Provided material.
━━━

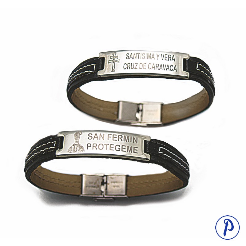 Pulsera de acero con imagen y texto personalizado grabado. Cinta de cuero con cierre metálico.
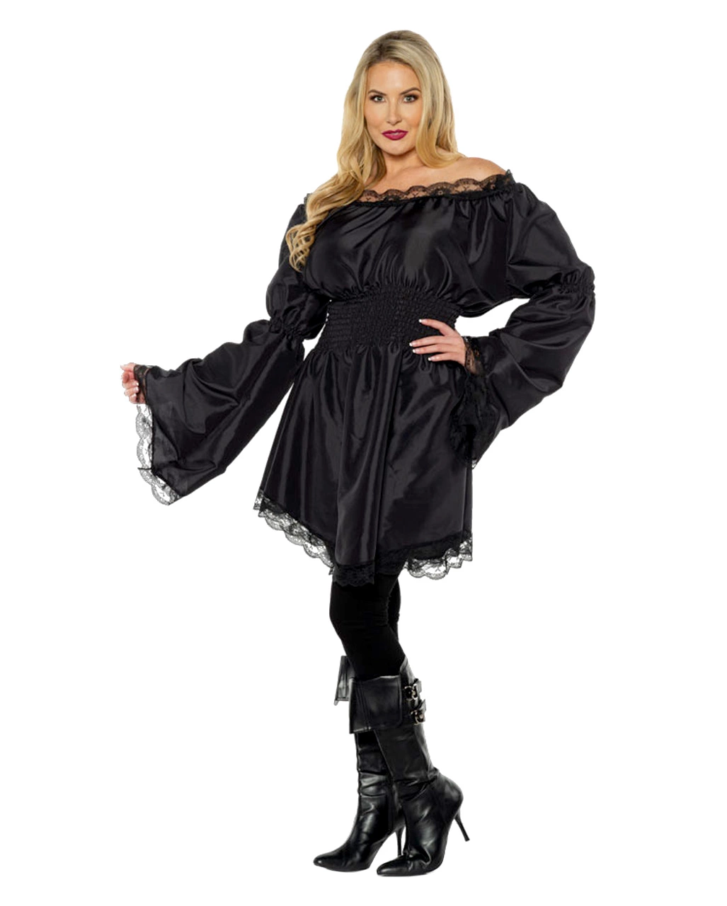 Das ist nur ein Grund dafür, warum die Longshirt Rüschenbluse schwarz in keinem Kostümschrank fehlen sollte. Vielseitig kombinierbar besitzt die Kostümbluse viele tolle Details, die das Mix & Match Zubehör zum optischen Highlight werden lassen. Da wären zum einen die weiten Trompetenärmel und die feinen Rüschen aus Spitze. Diese befinden sich an Ärmeln und Ausschnitt. Außerdem kannst du den Ausschnitt leicht variieren, so dass die Schultern freiliegen. Eine riesen Auswahl an idealen Accessoires für deine Verkleidung findest du hier im Shop.
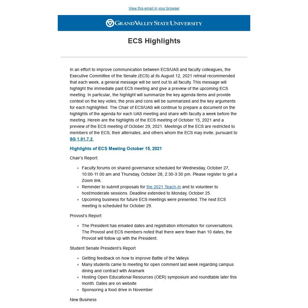 In an effort to improve communication between ECS/UAS and faculty colleagues, the Executive Committee of the Senate (ECS) at its August 12, 2021 retreat recommended that each week, a general message will be sent out to all faculty. This message will highlight the immediate past ECS meeting and give a preview of the upcoming ECS meeting. In particular, the highlight will summarize the key agenda items and provide context on the key votes; the pros and cons will be summarized and the key arguments for each highlighted. The Chair of ECS/UAS will continue to prepare a document on the highlights of the agenda for each UAS meeting and share with faculty a week before the meeting. Herein are the highlights of the ECS meeting of October 15, 2021 and a preview of the ECS meeting of October 29, 2021. Meetings of the ECS are restricted to members of the ECS, their alternates, and others whom the ECS may invite, pursuant to SG 1.01.7.2.

━━━

Task. When a picture appears in the material, please pass over it while retyping the rest exactly.

Response area.
 Pulsera de acero con imagen y texto personalizado grabado. Cinta de cuero con cierre metálico.
 Das ist nur ein Grund dafür, warum die Longshirt Rüschenbluse schwarz in keinem Kostümschrank fehlen sollte. Vielseitig kombinierbar besitzt die Kostümbluse viele tolle Details, die das Mix & Match Zubehör zum optischen Highlight werden lassen. Da wären zum einen die weiten Trompetenärmel und die feinen Rüschen aus Spitze. Diese befinden sich an Ärmeln und Ausschnitt. Außerdem kannst du den Ausschnitt leicht variieren, so dass die Schultern freiliegen. Eine riesen Auswahl an idealen Accessoires für deine Verkleidung findest du hier im Shop.
 In an effort to improve communication between ECS/UAS and faculty colleagues, the Executive Committee of the Senate (ECS) at its August 12, 2021 retreat recommended that each week, a general message will be sent out to all faculty. This message will highlight the immediate past ECS meeting and give a preview of the upcoming ECS meeting. In particular, the highlight will summarize the key agenda items and provide context on the key votes; the pros and cons will be summarized and the key arguments for each highlighted. The Chair of ECS/UAS will continue to prepare a document on the highlights of the agenda for each UAS meeting and share with faculty a week before the meeting. Herein are the highlights of the ECS meeting of October 15, 2021 and a preview of the ECS meeting of October 29, 2021. Meetings of the ECS are restricted to members of the ECS, their alternates, and others whom the ECS may invite, pursuant to SG 1.01.7.2.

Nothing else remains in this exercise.